Here's one way (though it feels this should work in one go with an apply, I can't get it).
In [11]: g = df.groupby(['A', 'B'])
In [12]: df1 = df.set_index(['A', 'B'])
The size groupby function is the one you want, we have to match it to the 'A' and 'B' as the index:
In [13]: df1['D'] = g.size() # unfortunately this doesn't play nice with as_index=False
# Same would work with g['C'].sum()
In [14]: df1.reset_index()
Out[14]:
A B C D
0 1 5 1 2
1 1 5 1 2
2 1 6 1 1
3 1 7 1 1
4 2 5 1 1
5 2 6 1 2
6 2 6 1 2
7 3 7 1 2
8 3 7 1 2
9 4 6 1 1
10 4 7 1 2
11 4 7 1 2
You could also do a one liner using transform applied to the groupby:
df['D'] = df.groupby(['A','B'])['C'].transform('sum')

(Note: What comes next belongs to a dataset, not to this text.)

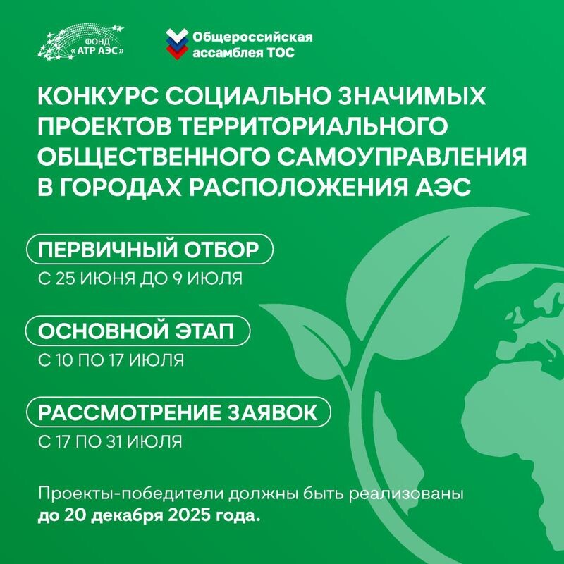 Организаторы конкурса - Ассоциация территорий расположения атомных электростанций и Общероссийская ассамблея развития территорий и общественного самоуправления. Первичный отбор заявок пройдет до 9 июля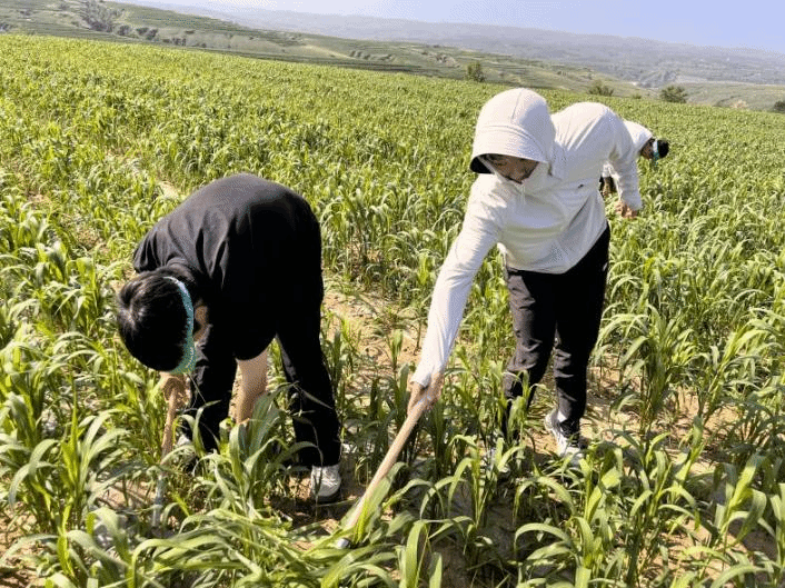 走进田间地头,拿起锄头,挥洒汗水,体验最质朴的农耕劳作。从最初的生疏笨拙,到后来动作逐渐娴熟,每一滴汗水、每一层薄茧,都是同学们对“粒粒皆辛苦”的切身体会。手中锄头与土地碰撞的声音,回荡在乡村的清晨,也镌刻在队员们心中。

You could also do a one liner using merge as follows:
df = df.merge(pd.DataFrame({'D':df.groupby(['A', 'B'])['C'].size()}), left_on=['A', 'B'], right_index=True)
you can use this method :
columns = ['col1','col2',...]
df.groupby('col')[columns].sum()
if you want you can also use .sort_values(by = 'colx', ascending = True/False) after .sum() to sort the final output by a specific column (colx) and in an ascending or descending order.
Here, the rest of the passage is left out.